Author Topic: Repeated failures to do first update  (Read 7573 times)

lawrie

  • Newbie
  • *
  • Posts: 6
Repeated failures to do first update
« on: March 22, 2016, 08:57:05 am »
I am trying to update my two Oaks. I have had them a while, but waited until the software appeared to be more stable.

After repeated failures, I looked at the troubleshooting guide and downloaded the Windows software for local updates. The Oak connects successfully and starts the process, but it then fails the firmware update after a random number of bytes have been written. It varies from about 200,000 to 700,000 bytes. The same thing happens on both my devices. Here is the log of the 21st attempt:

2016-03-22 15:21:36 New connection from: 192.168.0.34
2016-03-22 15:21:36 Starting firmware transfer to: 192.168.0.34
2016-03-22 15:22:08 Connection lost to: 192.168.0.34
2016-03-22 15:22:08 Firmware request finished for 192.168.0.34 (Reason: [Failure instance: Traceback (failure with no frames): <class 'twisted.internet.error.ConnectionLost'>: Connection to the other side was lost in a non-clean fashion: Connection lost.
])
2016-03-22 15:22:08 Early termination to: 192.168.0.34 (321536 bytes written, fail count = 21)
2016-03-22 15:22:08 Finishing firmware transfer to: 192.168.0.34 (22 transfers done)

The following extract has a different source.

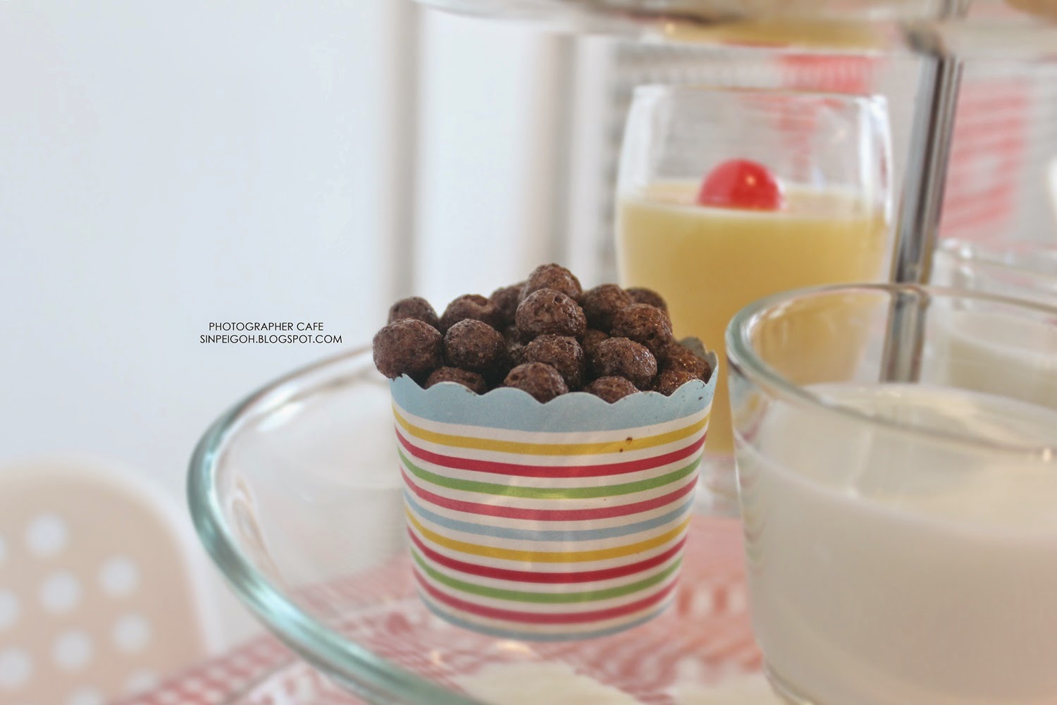 第二層很特別,是大人小孩都喜歡的早餐谷糧,還搭上鮮牛奶呢!

I also tried the second solution from the troubleshooting guide - setting up an unencrypted guest access point on my router. That failed the same way.

Is there anything else I can try to get these devices updated?
« Last Edit: March 22, 2016, 11:36:31 am by lawrie »

emardee

  • Full Member
  • ***
  • Posts: 135
Re: Repeated failures to do first update
« Reply #1 on: March 22, 2016, 12:53:32 pm »
Faster wifi seems to have problems for this initial update.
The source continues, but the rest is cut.